Storing the host name in a version-1 superblock is quite easy. We have a 32 character 'name' field which can be used for whatever mdadm wants. We decide to treat that as having an optional hostname prefix separated from the rest of the name by a ':'. So if the name contains a colon, everything before that is the host name.

Storing the host name in a version-0.90 superblock isn't quite so easy. There isn't really anywhere to store it. While there is some unused space, squeezing a hostname in there is rather ugly.

So instead, we borrow some of the 16 byte uuid. This is normally chosen randomly to ensure that different arrays will have different uuids and make sure bits of different arrays don't get confused. If a hostname is known when an array is created, we will now use 8 bytes of random data, and 8 bytes taken from the SHA1 hash of the host name. This should provide a very similar guarantee of uniqueness, but allow us to tell if an array is intended for a particular machine or not.

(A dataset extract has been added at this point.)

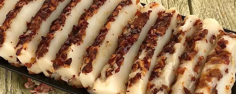 年糕是中国汉族的传统食物,属于农历新年的应时食品。年糕是用大米或糯米,煮成饭用打制或水磨成粉后压制而成的糕,在春节,我国很多地区都讲究吃年糕。年糕有红、黄、白三色,口感软糯香甜、富有弹性。

Doing it this way does mean that we cannot easily tell what host an array is intended for, but that is a fairly small cost. If you want this functionality, use version-1 superblocks.

The fine details

So assuming all of your arrays have been tagged by the host name, how is mdadm going to auto-assemble them?

We make multiple passes through the list of available devices. The first superblock we find for an array on 'this' host is put aside and all other superblocks for the same array are put with it. When we have found all available devices for the array, we try to assemble.

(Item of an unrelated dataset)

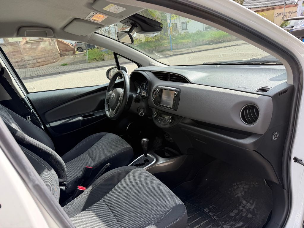 Weitere Ausstattung:3. Bremsleuchte, 6 Lautsprecher, Airbag Beifahrerseite abschaltbar, Airbag Fahrer-/Beifahrerseite, Audiosystem: Multimedia Toyota Touch 2, Außenspiegel elektr. verstell- und heizbar, Außenspiegel lackiert, Außentemperaturanzeige, Blinkleuchte in Außenspiegel integriert, Bremsassistent, Drehzahlmesser, Elektr. Bremskraftverteilung, Elektromotor 45 kW (Hybridantrieb), Freisprechanlage Bluetooth, Heckscheibenwischer, Innenausstattung: Aluminium / Chrom, Isofix-Aufnahmen für Kindersitz, Karosserie: 5-türig, Klimaautomatik 2-Zonen, Knieairbag Fahrerseite, Kopf-Airbag-System, Kühlergrill schwarz lackiert, mit Chromleiste, LM-Felgen, Motor 1,5 Ltr. - 55 kW 16V Hybrid, Projektor-Scheinwerfer, Reifen-Reparaturkit, Rückfahrkamera, Schadstoffarm nach Abgasnorm Euro 6, Schalt-/Wählhebelgriff Leder, Seitenairbag, Sitz vorn links höhenverstellbar, Sitzbezug / Polsterung: Stoff, Sonnenblenden mit Make-up-Spiegel, Toyota Safety Sense, Türgriffe außen Wagenfarbe, Universal-Schnittstelle (USB-/ iPod-/ AUX-Anschluss)

While looking, if we find a superblock for a different array (different uuid) but the same name (more on that later) then we check the create time and choose this superblock in place of the current set if this is newer.

When we find a collection of superblocks that form an array, we need to decide what device name to use for assembling the array. For version-0.90 arrays, we use the minor number as stored on the superblock to identify the minor number and device name.

For version-1 arrays, we take the remainder of the name field. If this is numeric, we treat it just like the minor number of version 0.90 arrays. If it is non-numeric, we choose a free minor number, and create device with the given number under /dev/md/.

Bootstrapping

On problem with introducing this functionality is that people have pre-existing array that aren't tagged with the host name. To help we this we will have a new 'update' option of --assemble: --update=homehost which will update the host information in the superblock prior to assembly. This is usable fairly easily for everything except an array holding a root filesystem. In order to avoid needing to boot from different media, there will be an option that can safely be used from an initramfs which will do the right thing.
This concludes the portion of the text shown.